* [HOW TO COMPLETE THIS TASK]: Exactly retype the opening line of the entries and every line after it, ending with the line that contains "Appropriately named, this". Skip all pictures.

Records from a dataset
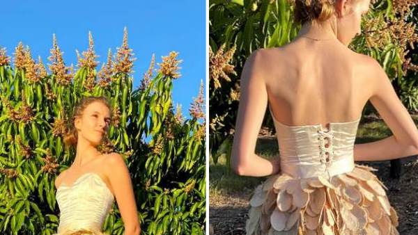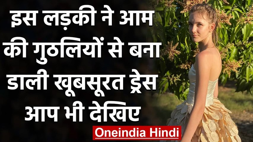 स्कूल में पढ़ने वाली इस लड़की ने आम की गुठलियों से बना ली खूबसूरत ड्रेस, दुनियाभर में हो रही तारीफ
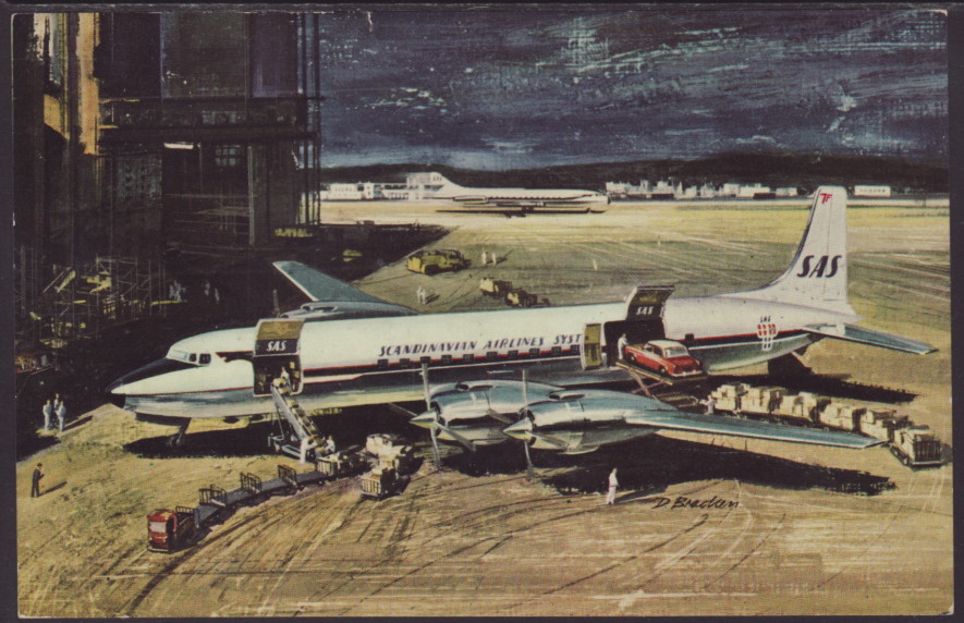 SAS Sky Frieghter DC-7F Postcard BIN
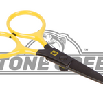 Appropriately named, this is a razor-sharp pair of scissors. One of the straight blades is serrated, and the other is non-serrated, aiding in grabbing of materials to eliminate material slip. The knurled tension knob allows for adjustments to specific applications.
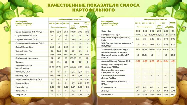Нормы скармливания сырого картофеля >>Силосованный картофель. Картофель можно силосовать, в таком виде коровы охотно поедают его. Подробнее о картофельном силосе, способах его заготовки, питательности и нормах скармливания >> ; качественные показатели картофельного силоса >>
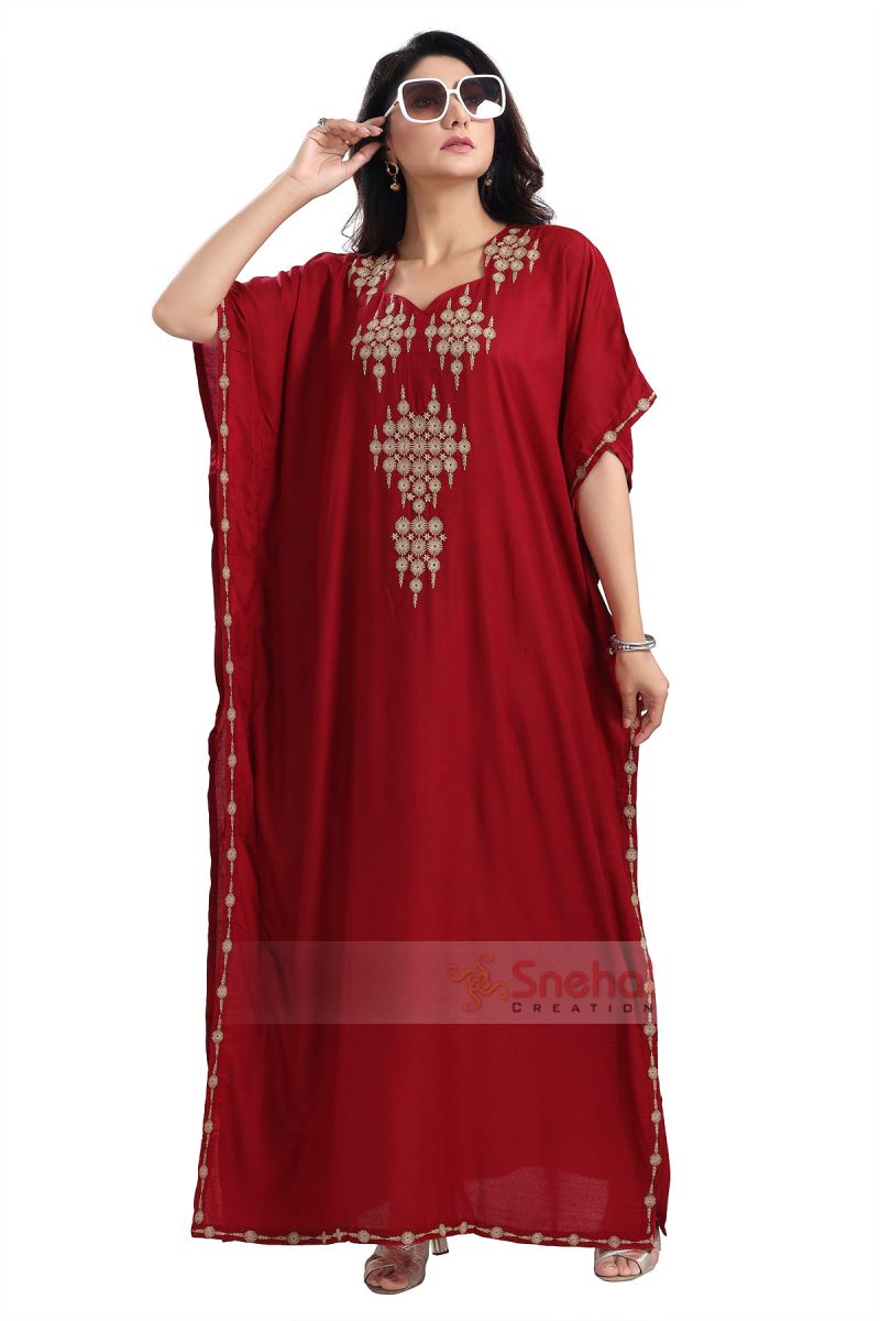 Made from lightweight rayon, this maroon beach kaftan maxi dress features elegant embroidery for added comfort. Float through your day in style, whether you are on the beach, relaxing at home, or attending a casual party.
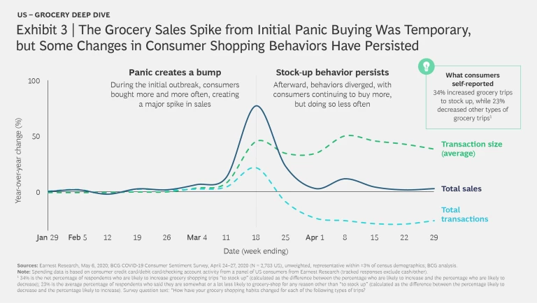 As the example of consumer behavior in the retail grocery segment shows, looking at overall sales trends is not sufficient. After a massive spike, overall grocery sales in many markets have reverted to levels seen earlier in the year. (See Exhibit 3.) Underlying that trend, however, is the fact that consumers have significantly cut back on the number of trips they make, likely to avoid frequent interactions with others due to COVID-19, but have increased the total transaction size for each trip. For grocers, this change in consumer behavior has profound implications for assortment decisions, and it raises new challenges for the marketers of impulse add-on items.
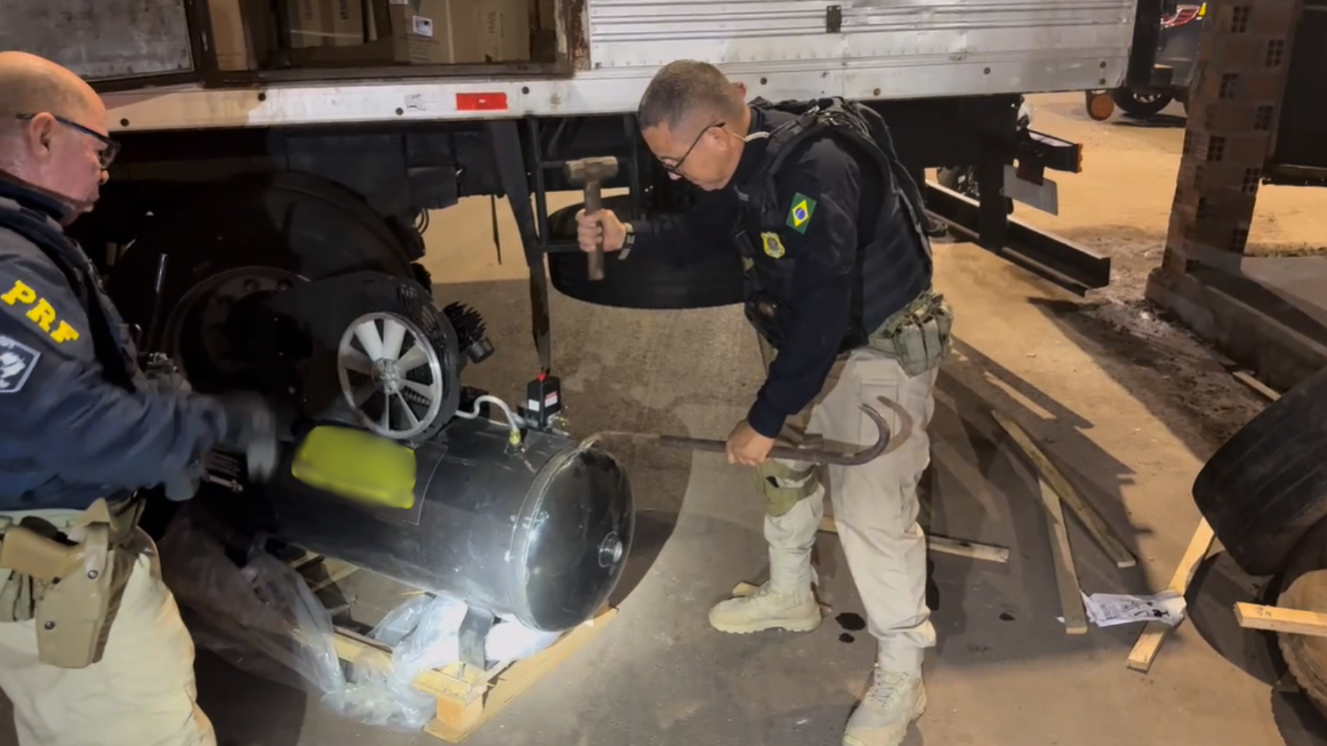 Durante a busca veicular, ao abrir o compartimento de carga do caminhão, os policiais sentiram um cheiro muito forte advindo de um compressor de ar que estava sendo transportado. Ao abrirem o equipamento, encontraram diversos tabletes de drogas escondidos no interior. Ao todo, foram apreendidos 21,1 kg de haxixe e 19,9 kg de skunk, totalizando 41 kg de substâncias entorpecentes.

* [RESULT FOR THIS TASK]:
 स्कूल में पढ़ने वाली इस लड़की ने आम की गुठलियों से बना ली खूबसूरत ड्रेस, दुनियाभर में हो रही तारीफ
 SAS Sky Frieghter DC-7F Postcard BIN
 Appropriately named, this is a razor-sharp pair of scissors. One of the straight blades is serrated, and the other is non-serrated, aiding in grabbing of materials to eliminate material slip. The knurled tension knob allows for adjustments to specific applications.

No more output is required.